_What you are asked to do_
Examine each line of the data, and copy the ones containing "shows".

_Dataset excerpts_
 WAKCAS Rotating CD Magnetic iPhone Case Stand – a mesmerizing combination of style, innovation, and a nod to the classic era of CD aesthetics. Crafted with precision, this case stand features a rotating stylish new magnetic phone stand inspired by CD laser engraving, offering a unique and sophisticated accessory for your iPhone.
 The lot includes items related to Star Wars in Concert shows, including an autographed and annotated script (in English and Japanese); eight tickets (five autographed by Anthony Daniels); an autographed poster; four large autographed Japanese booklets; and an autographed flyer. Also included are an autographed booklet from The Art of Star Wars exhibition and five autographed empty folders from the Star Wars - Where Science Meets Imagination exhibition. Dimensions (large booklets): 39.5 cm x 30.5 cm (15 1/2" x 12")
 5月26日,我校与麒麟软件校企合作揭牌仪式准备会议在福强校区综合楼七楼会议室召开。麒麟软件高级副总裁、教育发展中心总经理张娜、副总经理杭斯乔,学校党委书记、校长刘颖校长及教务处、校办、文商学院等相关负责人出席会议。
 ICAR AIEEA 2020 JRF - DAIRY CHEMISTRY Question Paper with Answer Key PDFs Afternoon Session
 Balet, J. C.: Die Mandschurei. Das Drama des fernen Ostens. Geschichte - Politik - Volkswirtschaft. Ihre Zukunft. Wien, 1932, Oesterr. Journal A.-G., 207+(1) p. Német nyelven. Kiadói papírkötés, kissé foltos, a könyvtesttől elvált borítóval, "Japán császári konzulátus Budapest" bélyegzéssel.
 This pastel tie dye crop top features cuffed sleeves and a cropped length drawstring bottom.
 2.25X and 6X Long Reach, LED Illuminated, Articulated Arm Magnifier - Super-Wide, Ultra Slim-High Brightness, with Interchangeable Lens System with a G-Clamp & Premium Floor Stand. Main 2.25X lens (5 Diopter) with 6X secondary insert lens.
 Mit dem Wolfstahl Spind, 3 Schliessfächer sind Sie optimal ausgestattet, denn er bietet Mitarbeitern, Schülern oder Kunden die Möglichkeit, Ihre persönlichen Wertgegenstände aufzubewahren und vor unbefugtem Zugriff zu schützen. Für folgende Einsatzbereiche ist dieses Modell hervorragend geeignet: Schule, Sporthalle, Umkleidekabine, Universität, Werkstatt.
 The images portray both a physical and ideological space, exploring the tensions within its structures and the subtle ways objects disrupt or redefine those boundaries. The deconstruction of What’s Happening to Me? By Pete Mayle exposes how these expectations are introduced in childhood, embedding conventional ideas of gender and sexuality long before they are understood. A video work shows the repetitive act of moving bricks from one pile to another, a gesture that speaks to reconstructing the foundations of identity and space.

_Output of the exercise_
 The lot includes items related to Star Wars in Concert shows, including an autographed and annotated script (in English and Japanese); eight tickets (five autographed by Anthony Daniels); an autographed poster; four large autographed Japanese booklets; and an autographed flyer. Also included are an autographed booklet from The Art of Star Wars exhibition and five autographed empty folders from the Star Wars - Where Science Meets Imagination exhibition. Dimensions (large booklets): 39.5 cm x 30.5 cm (15 1/2" x 12")
 The images portray both a physical and ideological space, exploring the tensions within its structures and the subtle ways objects disrupt or redefine those boundaries. The deconstruction of What’s Happening to Me? By Pete Mayle exposes how these expectations are introduced in childhood, embedding conventional ideas of gender and sexuality long before they are understood. A video work shows the repetitive act of moving bricks from one pile to another, a gesture that speaks to reconstructing the foundations of identity and space.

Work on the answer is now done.